A yearlong plan is different from unit planning and lesson planning. It’s also different from your scope and sequence.
Your yearlong plan will give you an overview of the year, which you can then use it to create your units.
Have I convinced you that you need one?!
Let’s get started!
Watch how to quickly build your yearlong plan in this video:
The yearlong plan – your map
Your district or school may provide you with a year-at-a-glance (yearlong plan) that provides you with quarterly teaching goals. That means, you’ll be provided with a list of concepts to teach and when they should be taught.
Even if your school does provide you with a yearlong plan, you’ll want to customize it to meet your needs.
If your school has provided you with the “what” and the “when”; it’s your job to create the “how.”
If your school or team doesn’t have a yearlong plan in place, you can create them using these same techniques.
But how?
This is where your creativity, personality, and interests come in to make your class plans a joy for you to teach and fun for your students.

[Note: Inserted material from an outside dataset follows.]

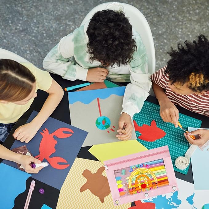 - FASHIONABLE CUTE CARTOON PATTERN: The surface of the pencil bag is affixed with cute pencil ruler cartoon patterns and "Welcome Back To School", which adds fun to students, stimulates their interest in learning, and can also become a highlight in the schoolbag

For our example, let’s say you are expected to teach expository writing the first six weeks of school.
Here are some tips for making your own yearlong plan work for you:
Step 1: Start with the big picture
If you school or district provides you with a plan, begin there. I find it helpful to create a simple one-page chart where I see the whole year on one page.
You can find a yearlong plan here.
This is also what I provide parents on back-to-school night, so they can see what is happening. I always include the disclaimer: “This plan is subject to change depending on the needs of the students.” This will make sure you don’t feel trapped by what’s written in your plan.
Include all of the writing modes that you need to teach for the entire year on this one-page calendar.
Why this is so helpful:
You’ll be able to put this one-page plan in your planner or on your desktop and see where you want to go as the year progresses.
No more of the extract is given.